REQUIREMENT –
Leaving out the pictures, return word for word the stretch of entries below from the line holding "Фонарик налобный аккумуляторный" through the line holding "如图所示,两根正对的平行金属".
(SOURCE MATERIAL Opens)
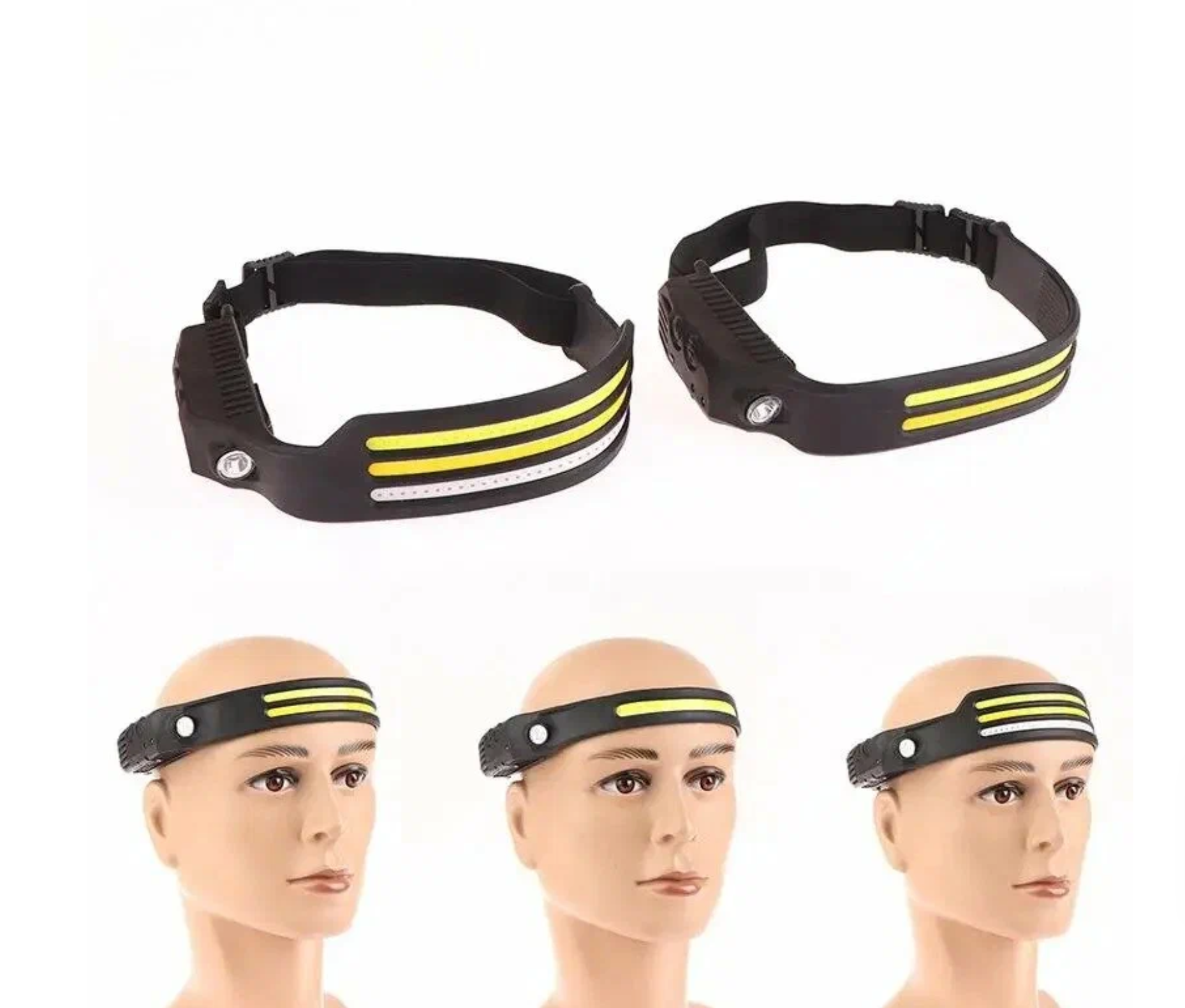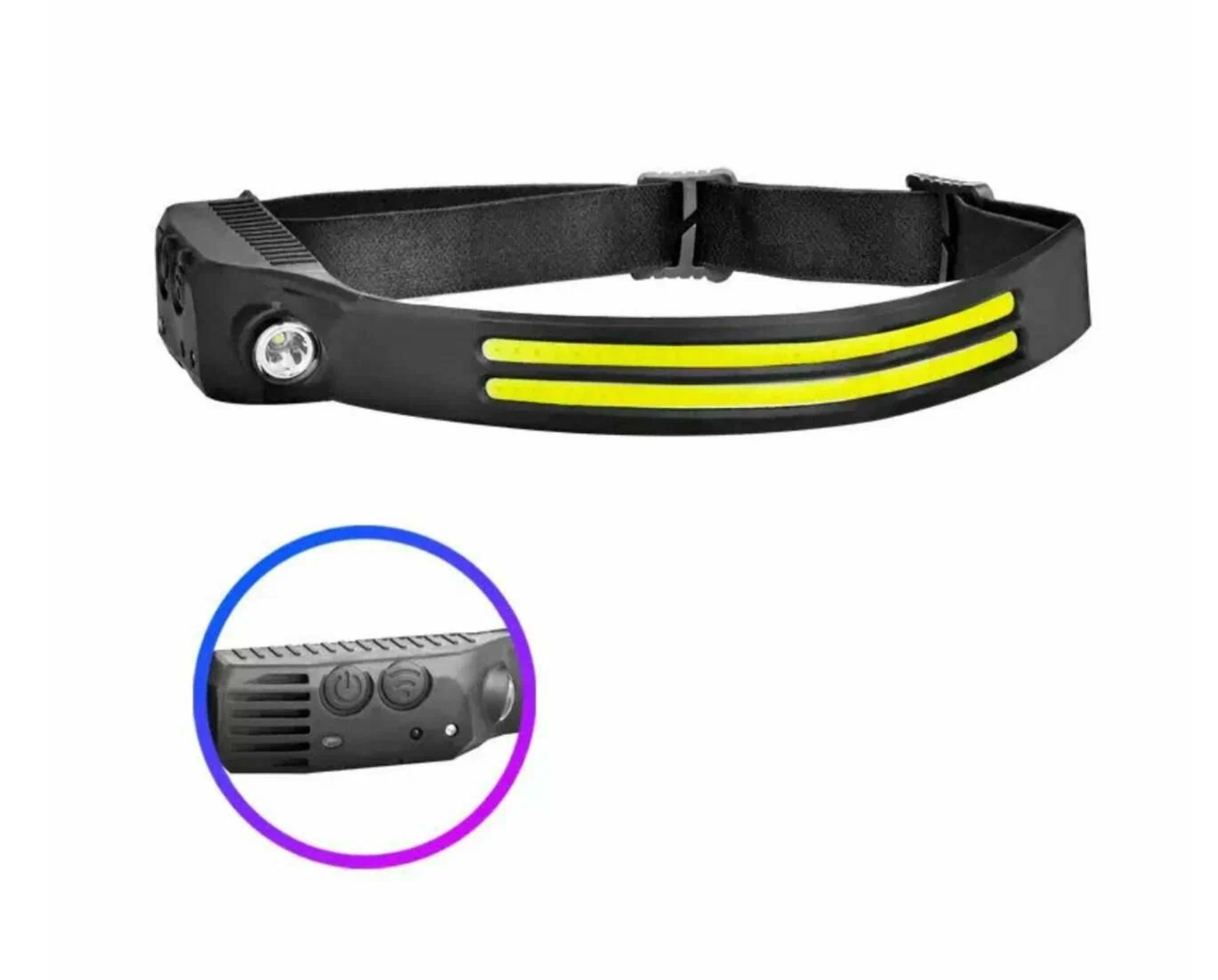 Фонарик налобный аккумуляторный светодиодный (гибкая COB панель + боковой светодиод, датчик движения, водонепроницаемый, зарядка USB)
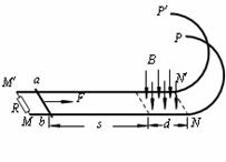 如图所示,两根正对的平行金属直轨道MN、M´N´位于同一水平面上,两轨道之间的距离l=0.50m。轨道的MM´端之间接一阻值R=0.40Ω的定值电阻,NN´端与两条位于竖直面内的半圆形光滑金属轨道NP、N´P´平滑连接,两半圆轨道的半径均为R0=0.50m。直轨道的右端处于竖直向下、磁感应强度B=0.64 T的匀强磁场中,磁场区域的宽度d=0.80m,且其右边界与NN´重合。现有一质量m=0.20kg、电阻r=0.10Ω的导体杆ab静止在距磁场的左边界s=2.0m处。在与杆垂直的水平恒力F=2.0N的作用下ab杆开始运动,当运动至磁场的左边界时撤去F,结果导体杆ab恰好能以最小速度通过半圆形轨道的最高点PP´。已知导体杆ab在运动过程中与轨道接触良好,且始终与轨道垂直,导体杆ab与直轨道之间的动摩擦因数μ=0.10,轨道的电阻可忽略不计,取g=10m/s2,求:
(SOURCE MATERIAL Closes)
(SOURCE MATERIAL Opens)
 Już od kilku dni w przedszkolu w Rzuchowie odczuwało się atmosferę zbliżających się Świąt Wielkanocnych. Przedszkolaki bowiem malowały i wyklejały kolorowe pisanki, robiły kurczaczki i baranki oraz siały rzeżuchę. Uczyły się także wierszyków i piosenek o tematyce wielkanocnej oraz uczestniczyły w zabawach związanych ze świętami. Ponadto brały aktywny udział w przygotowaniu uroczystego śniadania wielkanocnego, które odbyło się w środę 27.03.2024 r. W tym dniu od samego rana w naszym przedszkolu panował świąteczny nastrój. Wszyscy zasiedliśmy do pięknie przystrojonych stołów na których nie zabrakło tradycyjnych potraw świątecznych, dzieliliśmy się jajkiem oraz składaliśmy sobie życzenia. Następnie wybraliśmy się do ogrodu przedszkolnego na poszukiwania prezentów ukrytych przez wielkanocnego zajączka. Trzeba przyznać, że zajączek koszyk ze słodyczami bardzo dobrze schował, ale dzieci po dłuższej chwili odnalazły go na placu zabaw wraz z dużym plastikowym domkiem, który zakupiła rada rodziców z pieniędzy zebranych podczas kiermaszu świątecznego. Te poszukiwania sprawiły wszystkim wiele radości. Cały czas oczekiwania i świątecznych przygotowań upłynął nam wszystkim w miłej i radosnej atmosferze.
(SOURCE MATERIAL Closes)
WRITTEN REPLY –
 Фонарик налобный аккумуляторный светодиодный (гибкая COB панель + боковой светодиод, датчик движения, водонепроницаемый, зарядка USB)
 如图所示,两根正对的平行金属直轨道MN、M´N´位于同一水平面上,两轨道之间的距离l=0.50m。轨道的MM´端之间接一阻值R=0.40Ω的定值电阻,NN´端与两条位于竖直面内的半圆形光滑金属轨道NP、N´P´平滑连接,两半圆轨道的半径均为R0=0.50m。直轨道的右端处于竖直向下、磁感应强度B=0.64 T的匀强磁场中,磁场区域的宽度d=0.80m,且其右边界与NN´重合。现有一质量m=0.20kg、电阻r=0.10Ω的导体杆ab静止在距磁场的左边界s=2.0m处。在与杆垂直的水平恒力F=2.0N的作用下ab杆开始运动,当运动至磁场的左边界时撤去F,结果导体杆ab恰好能以最小速度通过半圆形轨道的最高点PP´。已知导体杆ab在运动过程中与轨道接触良好,且始终与轨道垂直,导体杆ab与直轨道之间的动摩擦因数μ=0.10,轨道的电阻可忽略不计,取g=10m/s2,求:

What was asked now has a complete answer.